5. Advantage Analysis

Query performance improvement: Join queries do not need cross-node execution
Transaction simplification: Related table operations can complete on the same node
Data consistency: Avoids complexity from distributed transactions

Global Table

Concept and Definition

Global table is a special type of data table in distributed database systems, mainly used for storing dictionary data or configuration data.

Typical Characteristics

Low data change frequency: Very few update operations
Stable data scale: Number of records basically remains constant
Moderate data volume: Single table data volume usually does not exceed 100MB

Solution

MyCat uses data redundancy mechanism for dictionary table join queries:

All shards save complete copies of global table data
Any update operation synchronizes to all shards

Design Principles

Identification criteria: Data change cycle greater than 1 month, record count less than 100,000
Implementation notes: Need to configure automatic synchronization mechanism
Performance optimization suggestions: Establish appropriate indexes for global tables

Shard Node

Shard node refers to the actual database instance where each data shard is stored after splitting a single database table according to specific rules.

Sharding mechanism: Data rows are allocated to different physical databases according to preset sharding rules
Node characteristics: Each shard node is a complete database instance
Typical deployment scenario: E-commerce system order table sharded by user ID

Node Host

Node host refers to the physical server or virtual machine that carries one or more shard nodes.
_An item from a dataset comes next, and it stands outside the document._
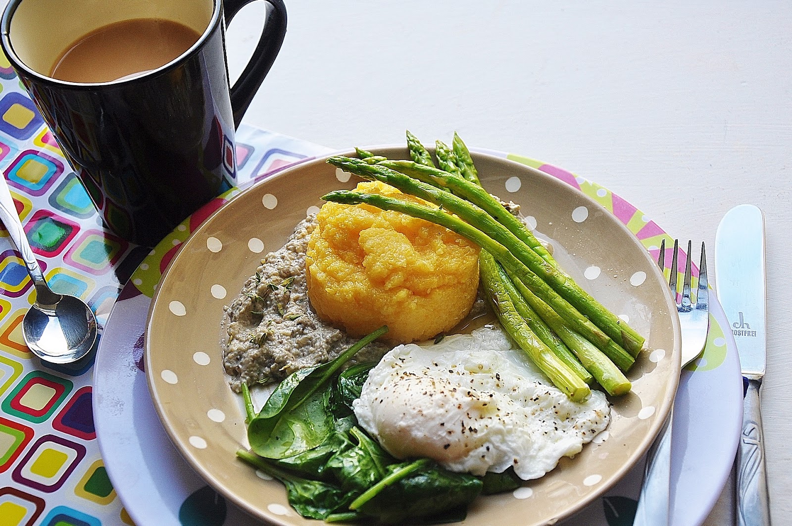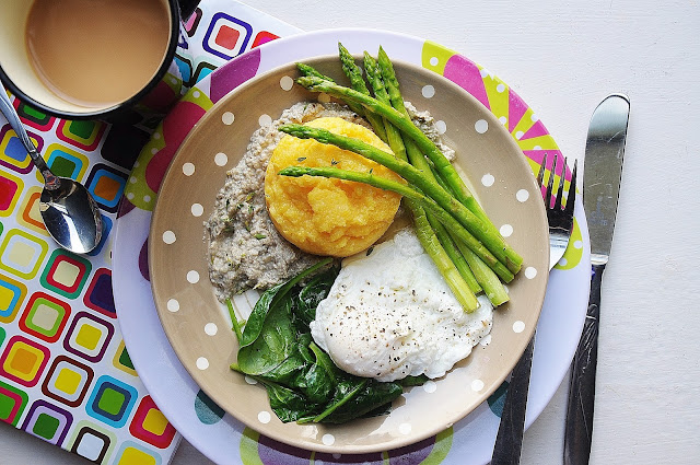 Polenta with Spinach, Asparagus, Mushroom Sauce, and a Poached Egg

Relationship between sharding and host: One node host can run multiple shard instances
Concurrency limitation issue: When multiple high-load shards concentrate on the same host, resource bottlenecks easily occur
Load balancing strategy: Shard distribution, read-write separation, weight allocation

Sharding Rules

Importance of Sharding Rules

Even data distribution: Good sharding rules ensure data is evenly distributed across all shard nodes
Query efficiency optimization: Reasonable sharding rules can reduce cross-shard queries
Scalability guarantee: When expansion is needed, good sharding rules support smooth expansion

Common Sharding Rule Types

Hash sharding: Hash calculate the sharding key to determine data distribution
Range sharding: Shard by numeric range
List sharding: Shard by enumerated values
Complex sharding: Combine multiple sharding strategies